Комментарий |

Еврей на площади Борьбы

Вот уже не думал, что окажусь там трезвый. На площади Борьбы то
есть, где памятник Ерофееву и бабе его. А началось все с другой
бабы — бабы Шенкмана. Я с ней встречался у Белорусской.
Пришел, как всегда, на сорок пять минут раньше срока — чтобы
подышать спокойненько на морозе. Дышать пошел, ясное дело, в
рюмочную — любимую, что перед мостом.

Рюмочной нету!

Пошел на Грузинский вал, в «Кулинарию». Тоже любимую, еще при
большевиках прикормленную.

Нет «Кулинарии»!

Есть только три подряд кабака — один хуже другого. Но там ведь не
только миллионы-миллиарды, заработанные в газете ложью и
клеветой против законно избранного президента тратить придется,
там надо сидеть (а я как раз копчик тут по трезвому делу
сломал — только стоя могу бухать) и ждать (часами!) официантов в
русских народных рубашках. А там уже баба шенкмановская
волнуется. Пошел к ней трезвым.

Стою. Девочка подходит, лет десяти. Как дойти до казино «Голден
палас», спрашивает.

— Ну, если от журнала «Октябрь», то направо, а если от газеты...

— А если отсюда? — переходя на грубую матерщину, перебивает девочка.

— А если отсюда, то вам так-то и так-то,— это баба подошла уже, шенкмановская.

— Хотя,— продолжает она,— прогуливать школу ради занятий
проституцией не перспективно. И вообще — так себе профессия. Вот
стукнет вам сорок два с половиной, а образования нету...

— Ничего,— успокаивает шалашовка,— с моим образом жизни и философией
я и до 18 не доживу.

Ну, дело хозяйское.

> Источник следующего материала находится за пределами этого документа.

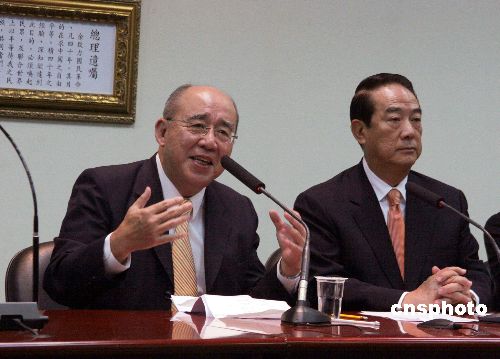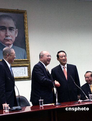 11月14日,中國國民黨主席吳伯雄和親民黨主席宋楚瑜在臺北一起舉行記者會,公布列國民黨34席不分區(qū)“立委”提名名單的4名親民黨成員。親民黨另有6位成員獲國親推薦,以國民黨名義參選區(qū)域“立委”選舉。中新社發(fā) 黃少華 攝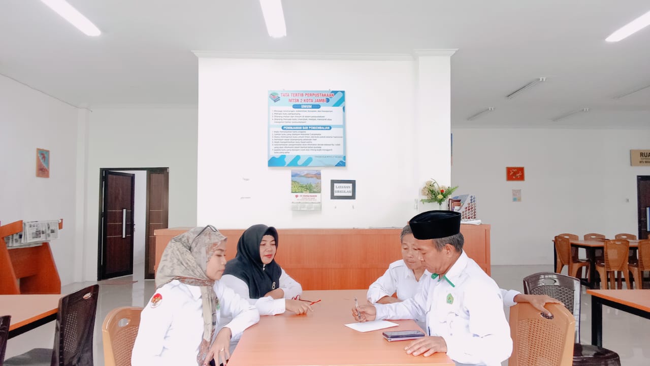 Kota Jambi (MTsN 2) — MTs Negeri 2 Kota Jambi kembali menorehkan langkah strategis dalam penguatan budaya literasi dengan hadirnya Kepala Perpustakaan yang baru, Bapak Damairi. Dengan semangat kolaboratif dan visi literasi yang segar, beliau mulai merancang berbagai program dan pembenahan sistem untuk menjadikan perpustakaan sebagai pusat belajar yang aktif, inklusif, dan inspiratif.

Обтяпали мы дела газетные, стали про Шенкмана
говорить, который как раз ногу сломал (потому и встречались мы
не с ним лично, а с бабой его).Баба говорит:

— А он тут рядом умирает, напротив памятника Ерофейчику вашему. 59-я
больница. 118-я палата. Шенкман. Только фамилию можно и не
называть — они все равно ее ни прочесть, ни произнести не
могут. Скажи просто: еврей из 118-й палаты.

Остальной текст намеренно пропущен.